William A. Scott, early 1920s
St Michael's Church
St Michael's was built in the early 1920s to a design by William A. Scott, one of the more interesting Irish architects of his generation and the man who designed St Patrick's Basilica on Lough Derg. Work was completed under the supervision of R.M. Butler of University College Dublin. It is a freestanding cruciform church in the Early English Gothic style - a six-bay nave with transepts north and south, a two-bay chancel to the east, and a three-stage belfry at the centre. The walls are snecked rock-faced limestone with rusticated quoins; inside there are limestone pillars, pointed arches, an open timber-truss ceiling, a gallery and stained glass. The national survey calls the belfry, the buttresses and the masonry the work of skilled craftsmen, and it is right. For a parish of a couple of hundred souls it is a remarkably ambitious piece of building.
A site used since around 1800
The older church and graveyard
The church does not stand on new ground. The site contains the remnants of an earlier graveyard and an earlier Catholic chapel dating to around 1800, the older cemetery wrapped around where the previous church stood. A newer cemetery opened on the site in 1963. Worship has gone on in this one spot for well over two centuries, which is the real continuity here - the present church is just the third act.
County training base, opened 2008
Monaghan's Centre of Excellence at Cloghan
In the townland of Cloghan, just off the N2 between Castleblayney and Clontibret, sits the Monaghan GAA Centre of Excellence - the county board's training and development base. It opened in 2008 with five floodlit pitches, was extended in 2013 with more dressing rooms, meeting rooms and offices, and carries the Entekra naming rights. Every code uses it: men's and ladies' football, hurling, camogie, rounders. It is not a tourist site, but it is the engine room of Monaghan football, and for a small Ulster county that has spent the last decade competing well above its size, that is no small thing.
War of Independence
The ambush of May 1921
This was active ground during the War of Independence. The local IRA company belonged to the 2nd Monaghan Brigade of the 5th Northern Division. On 25 May 1921 a member of the Black and Tans was wounded in an ambush near here in which the unit seized a number of weapons. The border country of south Monaghan saw a good deal of this in 1920 and 1921 - quiet drumlin lanes that were anything but quiet at the time.

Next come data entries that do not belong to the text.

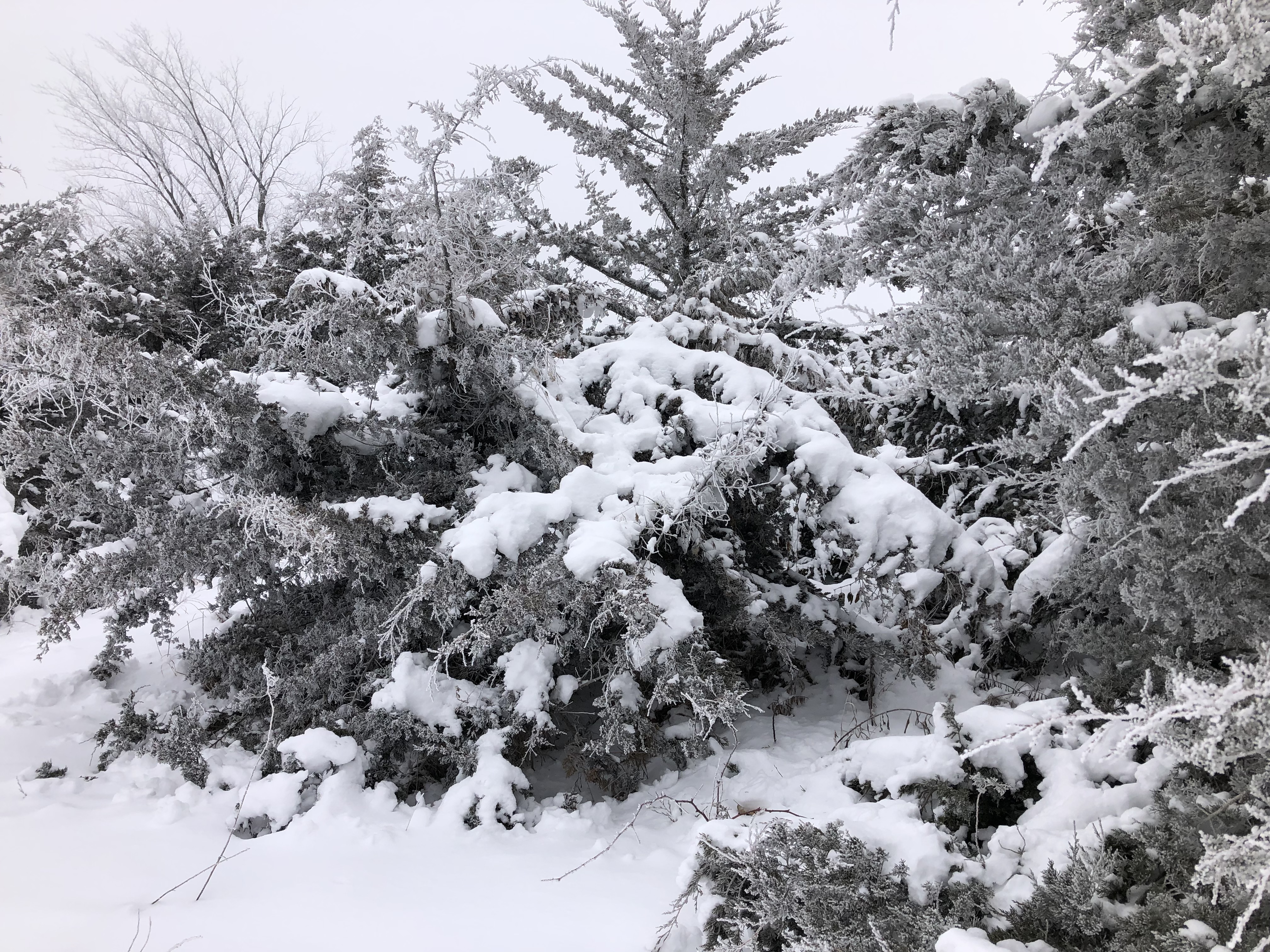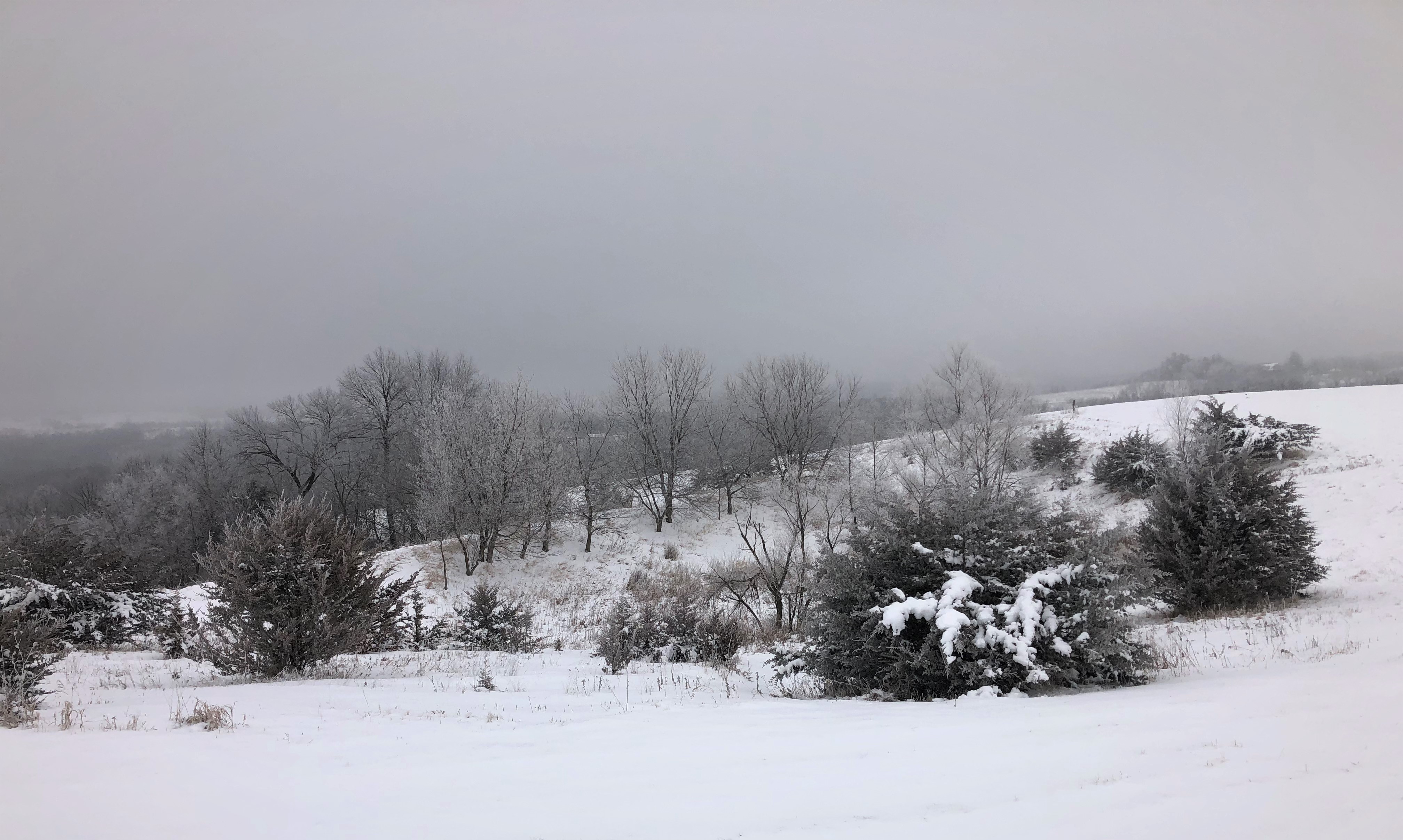 A foggy, frozen January day in the North Country. Overcast skies, no wind, 14 degrees, a perfect morning for snowshoeing. Photos only; no distracting text.
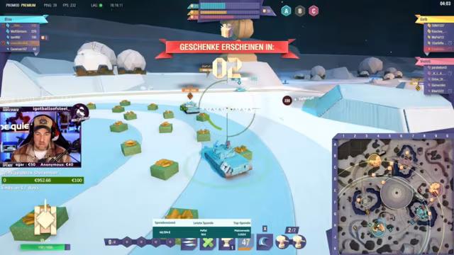 Der World of Tanks-Spielverlauf konzentriert sich auf den Winterüberfall-Modus, in dem Spieler Geschenke sammeln und strategische Kämpfe austragen. Anfängliche Verwirrung über die Spielmechaniken weicht koordiniertem Vorgehen. Parallel dazu überschreitet eine Charity-Aktion wichtige Spendenmarken, getragen von der Großzügigkeit der Unterstützer. Diskussionen über Panzer-Strategien und Spiel-Design begleiten die Runden. [World of Tanks]
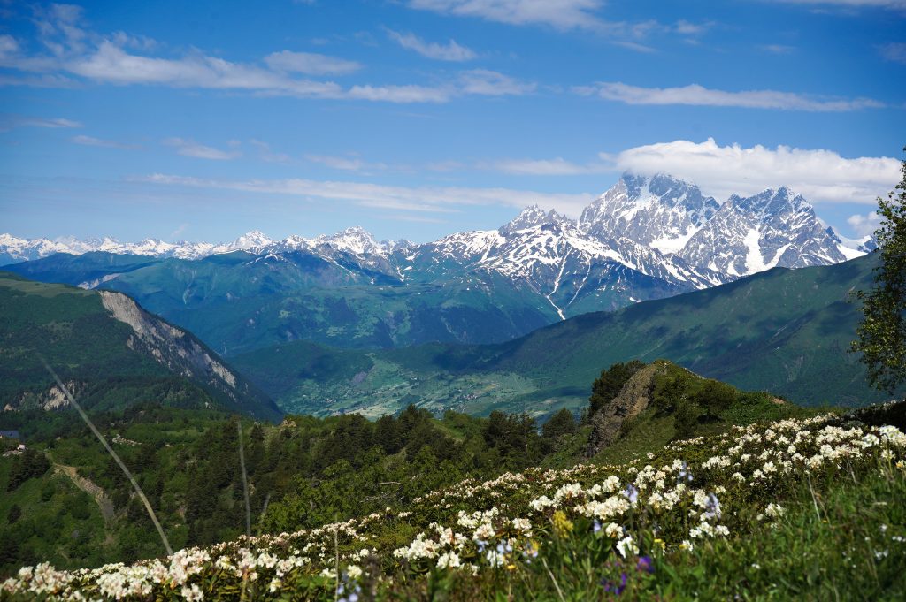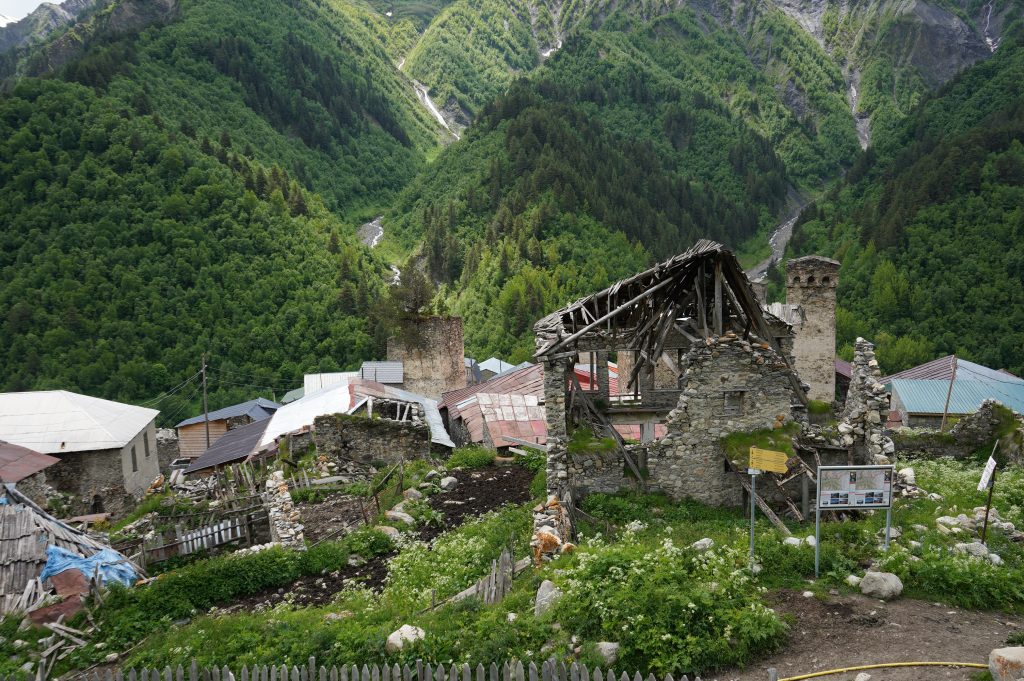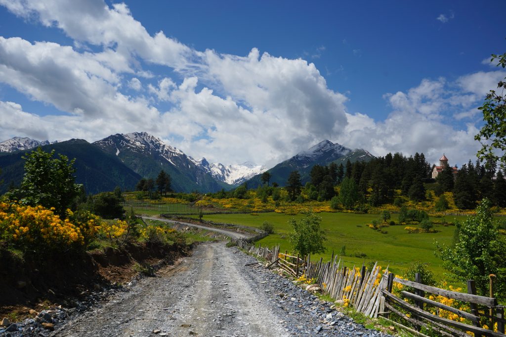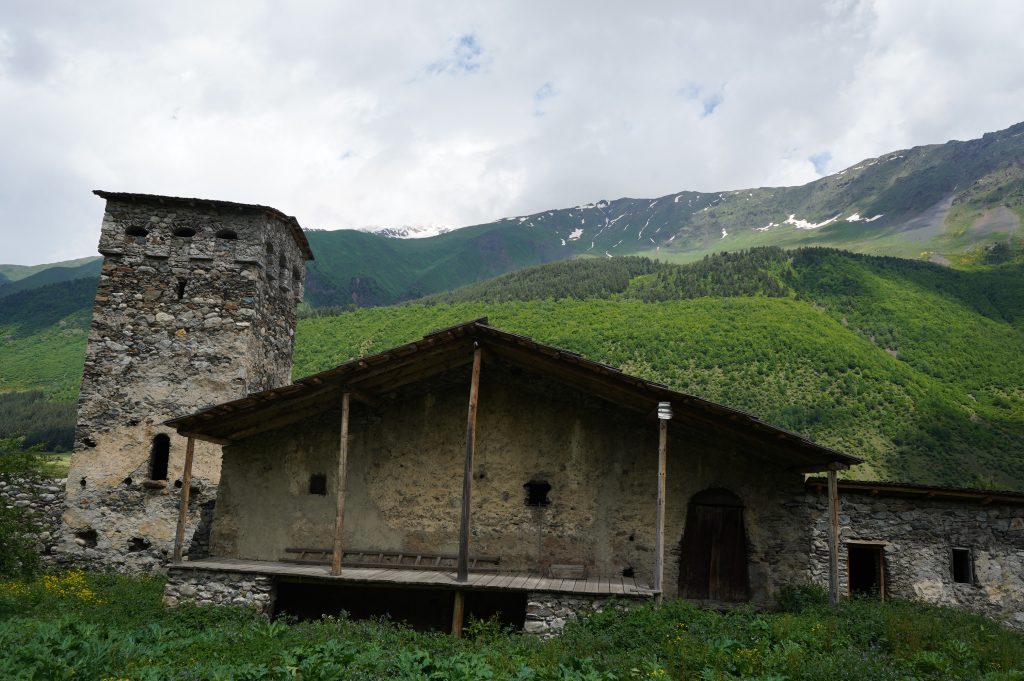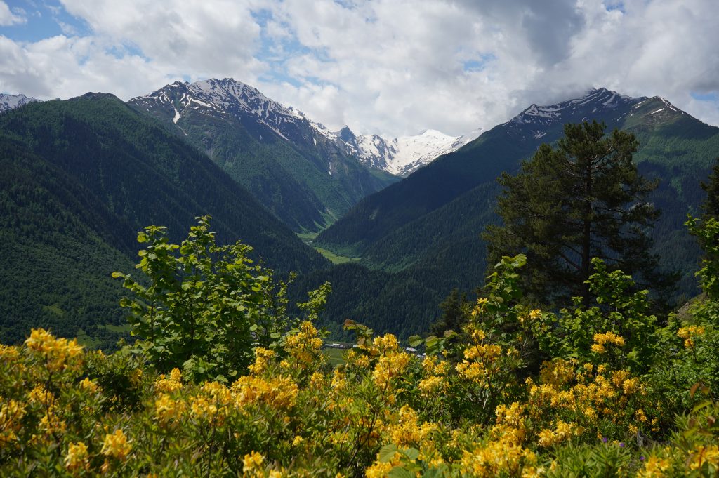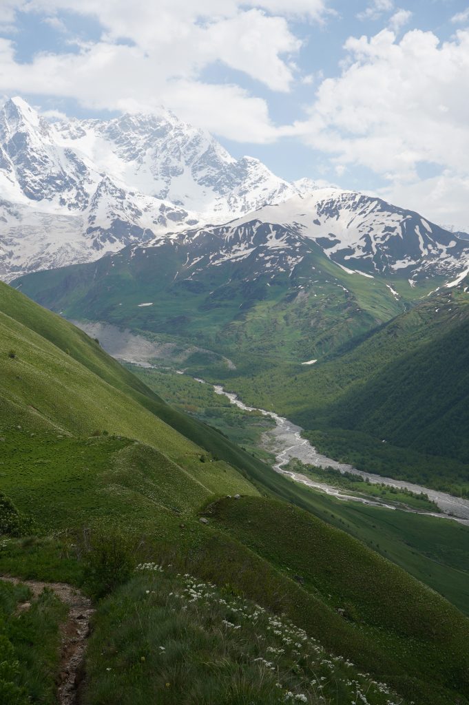 das Wetter bessert sich, langsam werden die Berge sichtbardass Flüsse bzw. Bäche über die Straße fließen ist ganz normalSchotterweg nach Tsvirmi. Wunderschöne BlütenprachtBlick in das Enguri-Tal Richtung UschguliZhambeshialtes Haus von ZhambeshiMestia, Blick von der Kirche
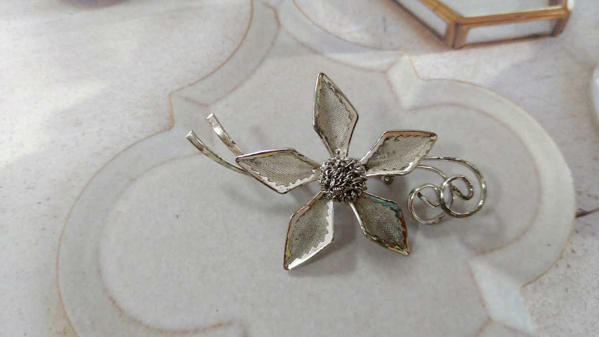 - □訳あり□シルバーカラー・フラワーモチーフ ブローチ□
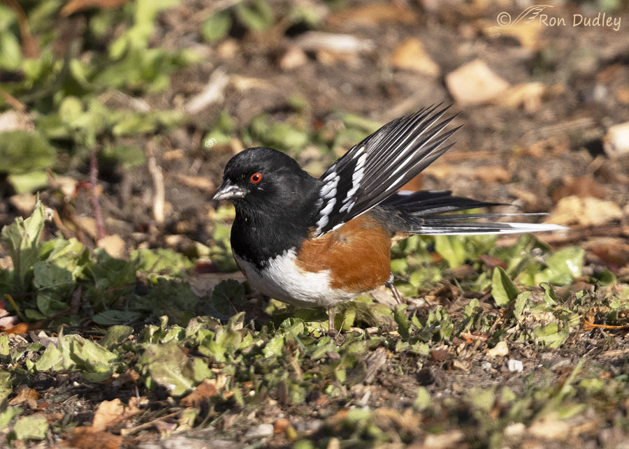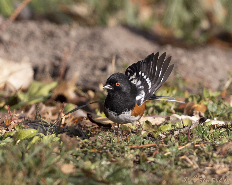 Towhees are such HANDSOME guys ! And frenetic, too–your
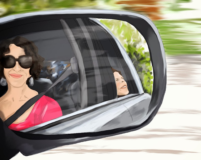 travels, my passenger’s side rear view mirror contains the image of my girl’s
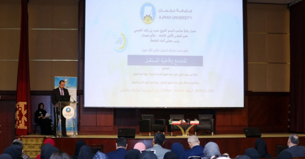 The Future Foresight Forum at Ajman University organizes its first symposium titled “Society and Future forms of Agency”. The main speakers were Ms. Mona al Zaabi, Assistant Deputy Minister of the Ministry of Social Development and Ms. Fareda Abdullah Assistant Deputy Minister of the Ministry of Human Resources and Emiratization along with insightful speeches by other dignitaries.
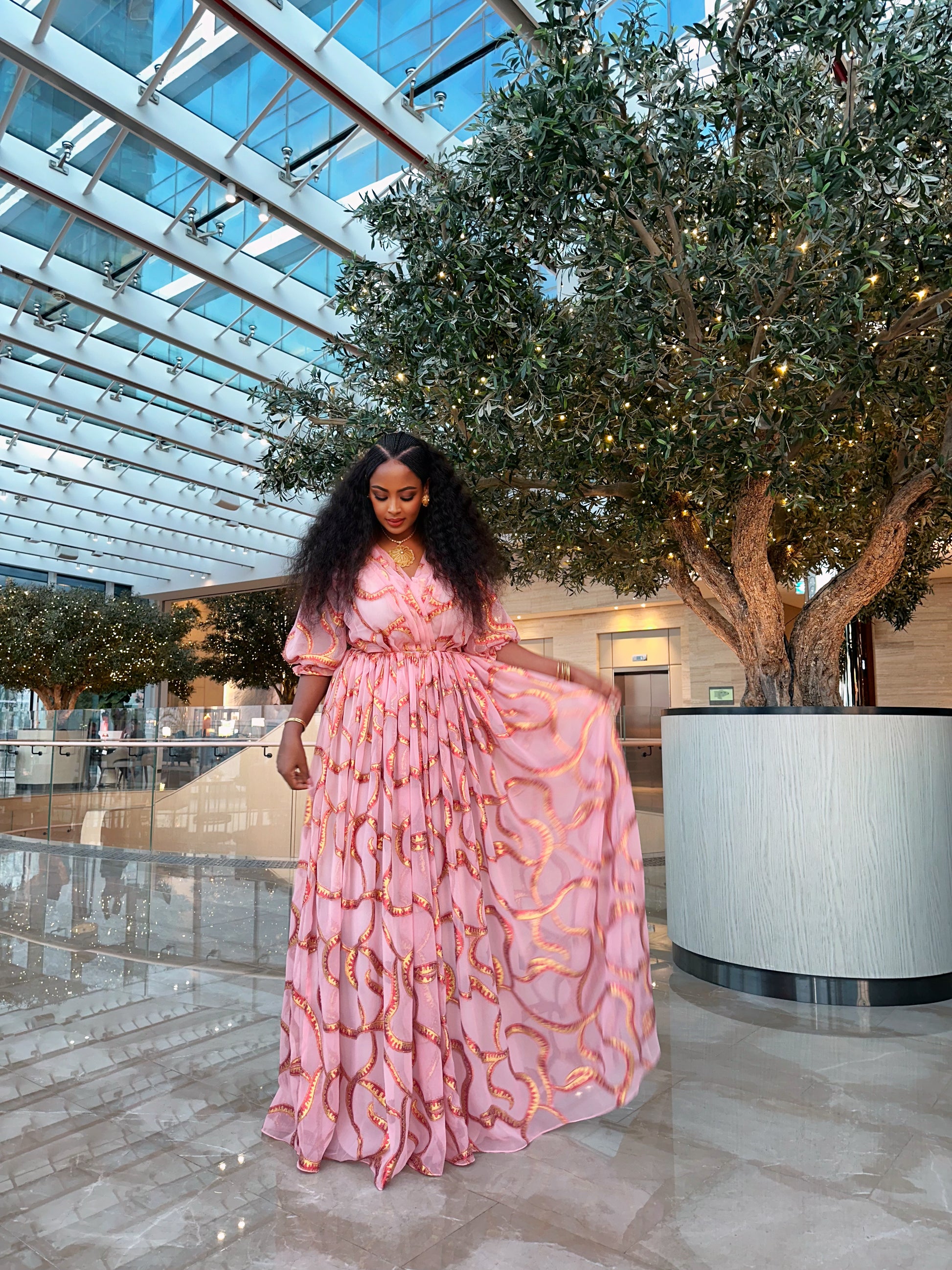 The Pink Bella Chiffon printed maxi dress is classic option for any occasion. Made from silk chiffon, Pink Bella Chiffon will make you feel timeless
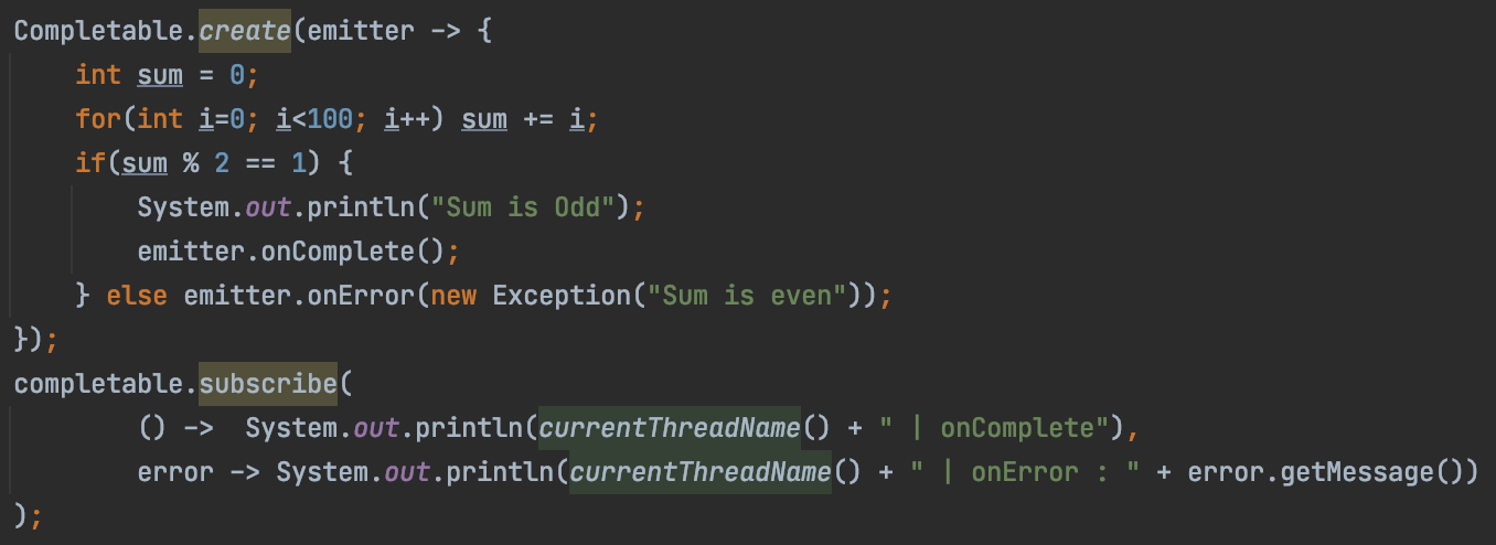 - Completable의 대표적인 소비자는 Observer 인터페이스를 구현한 CompletableObserver 입니다.
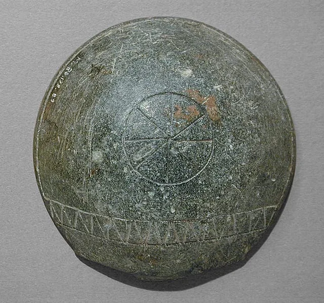 Bronze disc with green patina, domed form, featuring an incised spoked wheel motif at center and a band of Latin inscription along the lower edge, with surface scratches throughout.
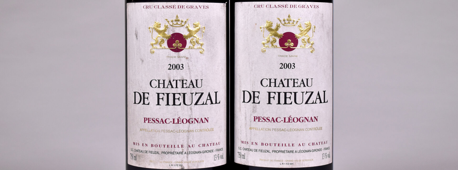 2 bouteilles, Pessac-Léognan, Château de Fieuzal, Grand Cru Classé de Graves, 2003. Étiquettes avec des salissures.

Ringforts, lime kilns, a megalith
Older still
People were here long before the parish. The townlands of Annyalla and Cloghan hold the remains of ringforts, lime kilns and at least one megalithic monument - the usual quiet archaeology of the Monaghan drumlins, mostly grass-covered banks and lumps in fields that you would walk past without a second look. Nothing is signposted or set up for visitors, but it is there in the landscape if you know to read it.